__TASK BRIEF__: Your answer should be an exact copy of the lines from the one containing "1. Распашные душевые уголки" through the last line of the records below, without any pictures.

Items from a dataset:

* * * *

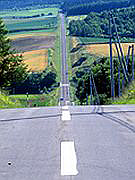 平成11年(1999)、上富良野町民からの募集で選ばれた「かみふらの八景」のひとつ。フラワーランドかみふらのを目印にさらに奥に進むと、激しくアップダウンを繰り返す直線道路が、国道237号まで約4.5km続く。昇降するレールのようなその景観から、「ジェットコースターの路」と呼ばれている。道の両側には、雄大な大雪の山々とのどかな田園風景が広がっている。
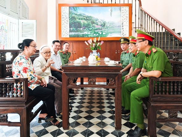 Ban Giám đốc Công an thành phố Cần Thơ trò truyện cùng với cụ Bùi Thị Tuyết Nga, em ruột của liệt sĩ Bùi Quang Trinh
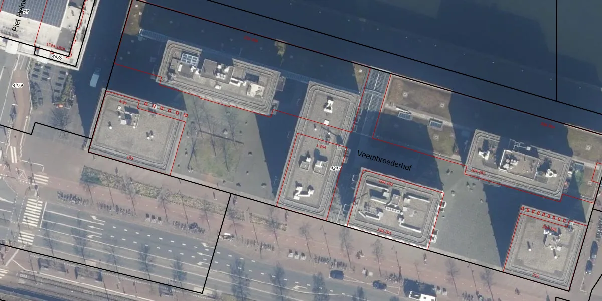 Veembroederhof 100 is gelegen op kadastraal perceel ASD10N4247. Deze kadastrale aanduiding is uniek en wordt gebruikt door het Kadaster om eigendomsrechten en andere zakelijke rechten vast te leggen. Het perceel maakt onderdeel uit van de kadastrale gemeente Amsterdam.
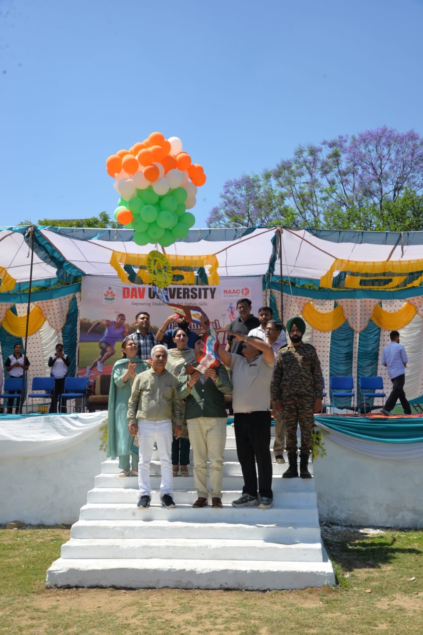 जालंधर (अरोड़ा) :- डी.ए.वी. यूनिवर्सिटी, जालंधर में दो दिवसीय 10वीं वार्षिक एथलेटिक मीट की शुरुआत बड़े जोश और उत्साह के साथ हुई। इस अवसर पर विभिन्न विभागों के विद्यार्थियों ने ट्रैक और फील्ड की कई प्रतियोगिताओं में भाग लिया। इस मीट का उद्घाटन प्रो. (डॉ.) मनोज कुमार, वाइस चांसलर, डी.ए.वी. यूनिवर्सिटी द्वारा किया गया। इस मौके पर प्रो. (डॉ.) एस. के. अरोड़ा, रजिस्ट्रार भी उपस्थित रहे। उद्घाटन समारोह में मार्च पास्ट, शपथ ग्रहण और मशाल प्रज्वलन किया गया, जो खेल भावना और एकता का प्रतीक है। मीट का उद्घाटन करते हुए वाइस चांसलर प्रो. (डॉ.) मनोज कुमार ने कहा, “खेल विद्यार्थियों के चरित्र, अनुशासन और नेतृत्व क्षमता को विकसित करने में महत्वपूर्ण भूमिका निभाते हैं। यह एथलेटिक मीट केवल प्रतियोगिता नहीं, बल्कि हिम्मत और टीम भावना को बढ़ाने का मंच है।
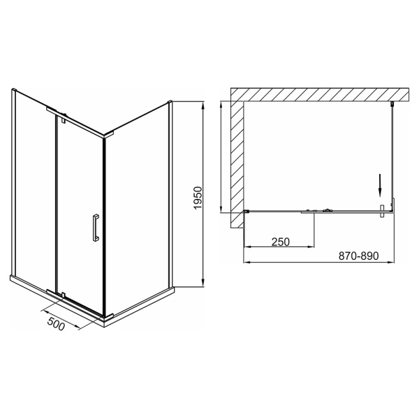 1. Распашные душевые уголки
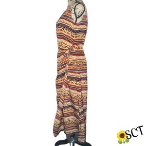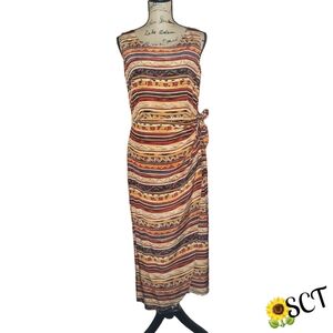 Spenser Jeremy 100% silk faux wrap maxi dress with a lively graphic print. Excellent condition. Fits TTS, measurements upon request.
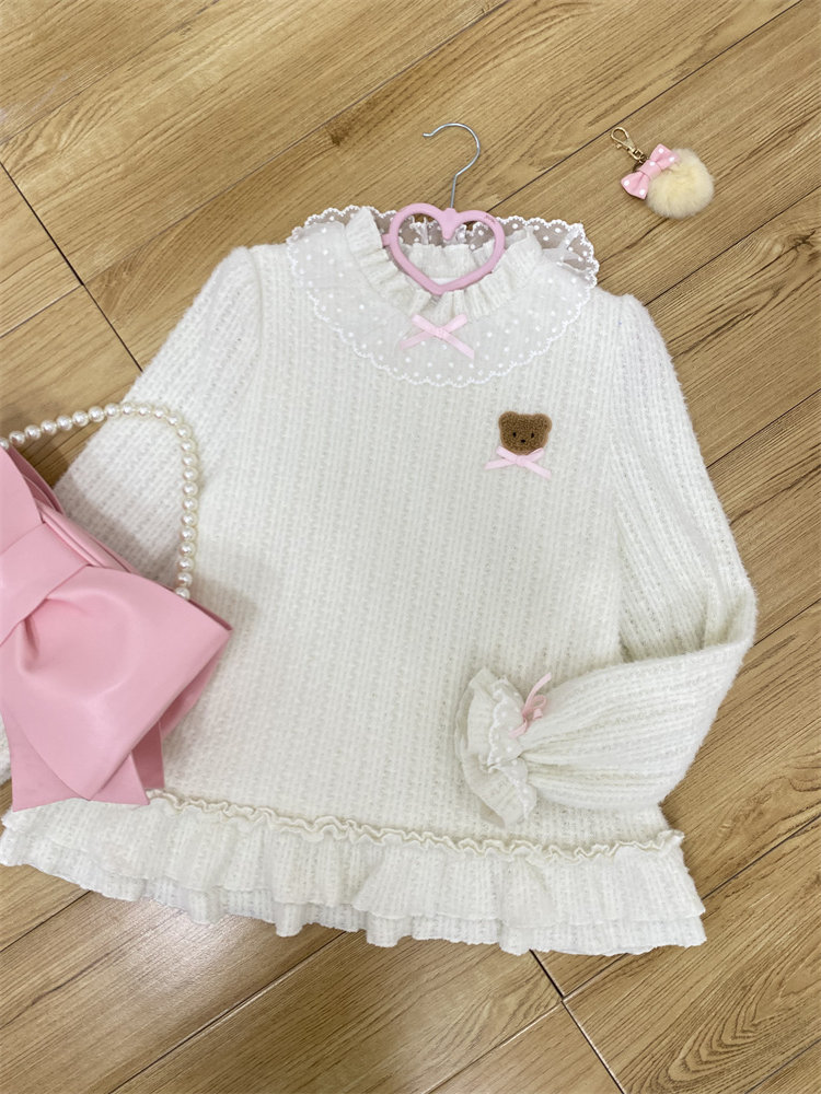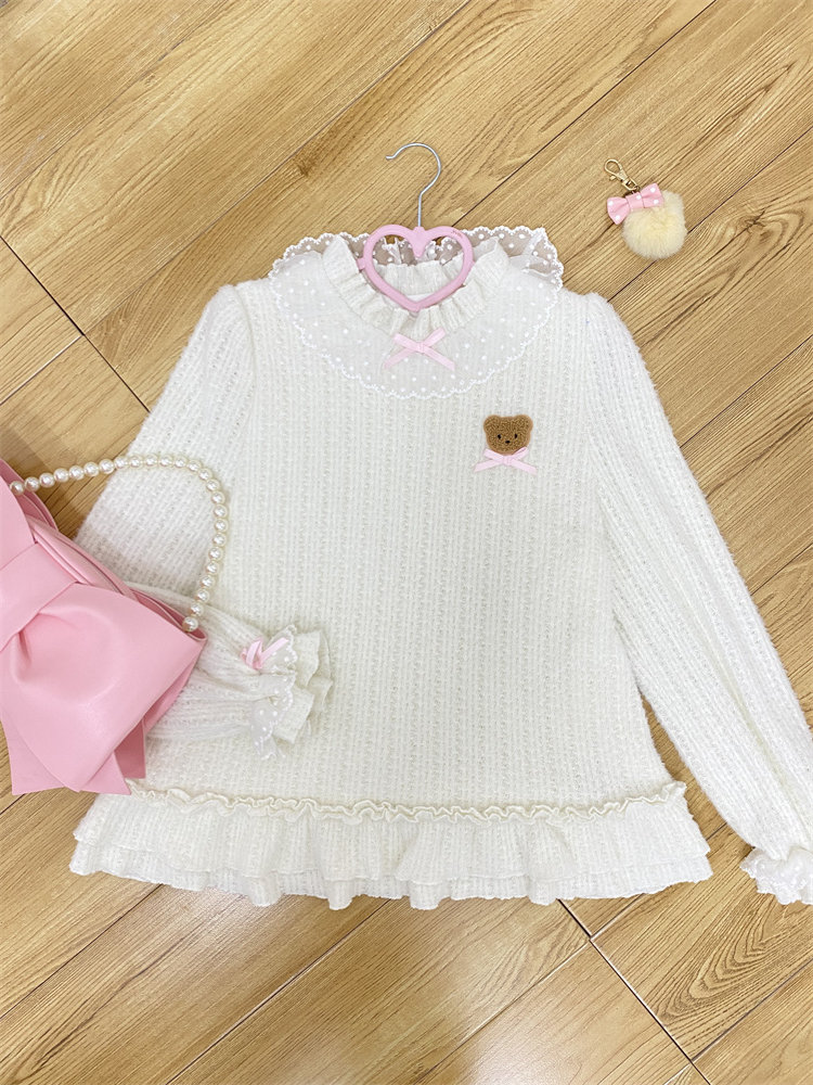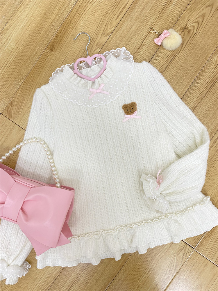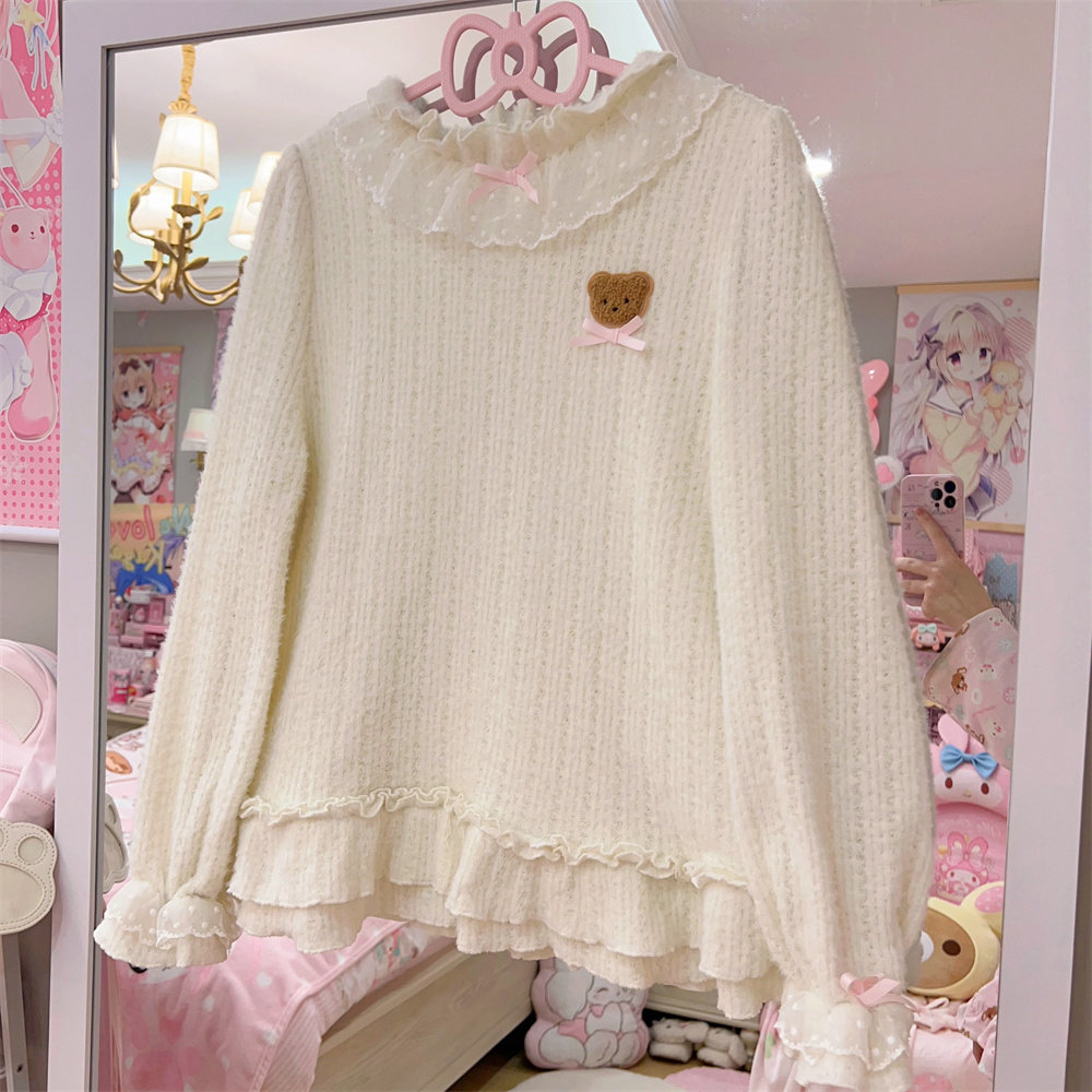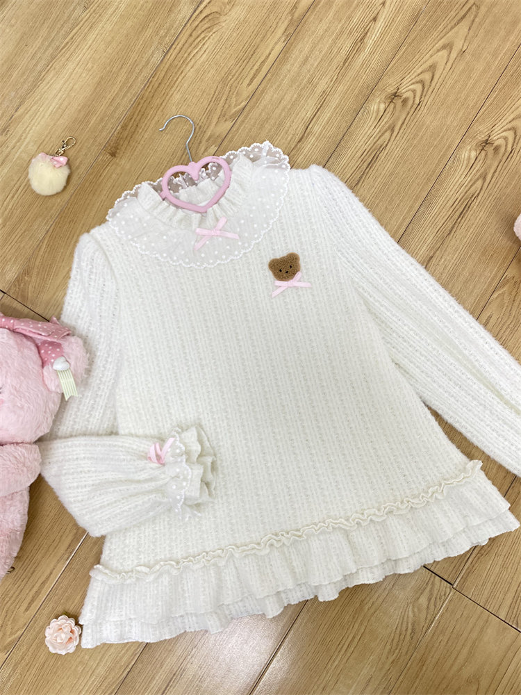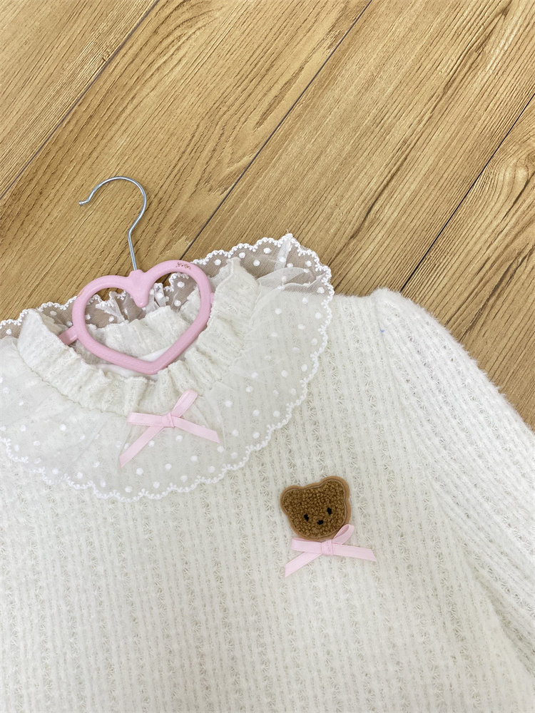 【To Alice】熊之原创小熊针织加绒打底衫女秋冬学院风蕾丝边显瘦 [Original Page Link]

* * * *

__ANSWER TO THIS PROBLEM__:
 1. Распашные душевые уголки
 Spenser Jeremy 100% silk faux wrap maxi dress with a lively graphic print. Excellent condition. Fits TTS, measurements upon request.
 【To Alice】熊之原创小熊针织加绒打底衫女秋冬学院风蕾丝边显瘦 [Original Page Link]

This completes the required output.